According to Children’s Mental Health Ontario, 70 percent of mental health programs begin during childhood or adolescence. Compounding that, North said youth who are trying to get help are faced with barrier after barrier, including “unacceptable” wait times of up to a year to see a doctor. 

“According to the World Health Organization, mental health disorders will be the world’s leading cause of disability by 2030 and the consequences of failing to address adolescent mental health conditions extend to adulthood, impairing both physical and mental health and limiting opportunities to lead fulfilling lives as adults,” said North. 

She pointed out the demand for mental health services has only grown since the beginning of the COVID-19 pandemic and now an “over-taxed” system is having trouble keeping up. 
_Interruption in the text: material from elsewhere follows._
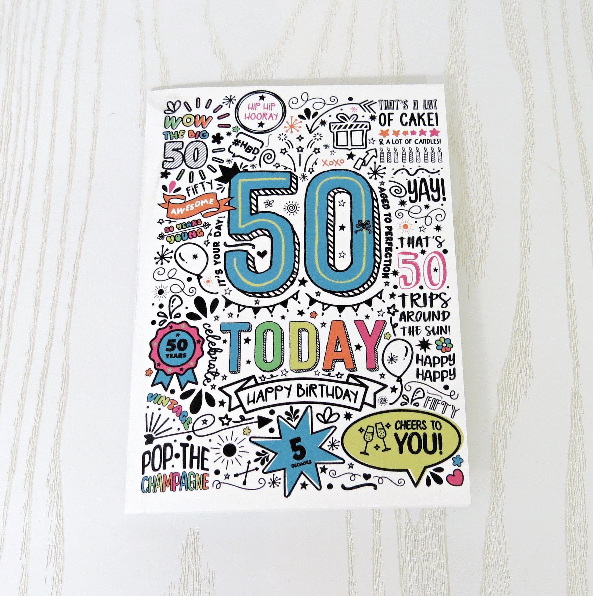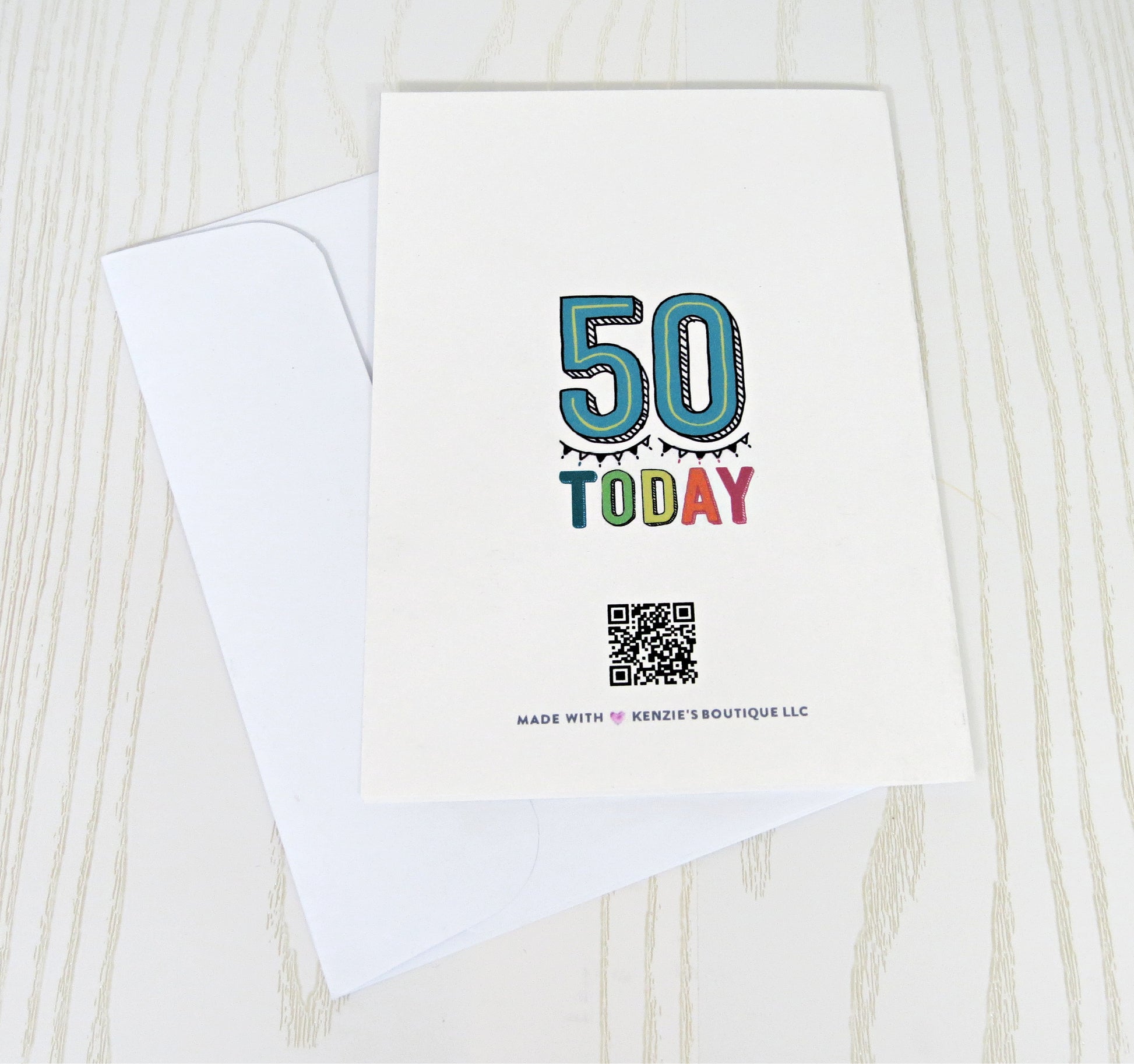 50th Birthday Card - Fifty Card Celebration - Unique Gift Card Holder - Folded Card for Him, Her, Women, Men, Grandma, Grandpa

“Young people are not okay,” said North. 

She asked for district council to support some of the start-up costs for the project. North estimated the first year of the hub will cost around $300,000 with $191,000 already accounted for through grants and fundraising. 

“We’re absolutely confident that with the relationship we’re already forging with Youth Wellness Hubs Ontario that we may be considered, very soon, to become a provincially funded hub,” added North. 

However, the issue is they need to prove they’re worthy of the funding in a competitive environment. 

She asked the district to contribute $100,000 to the project. Mayor of Lake of Bays Terry Glover, chair of the committee, said council will have to get district staff to investigate how this could be funded since it’s not included in the district’s 2024 budget.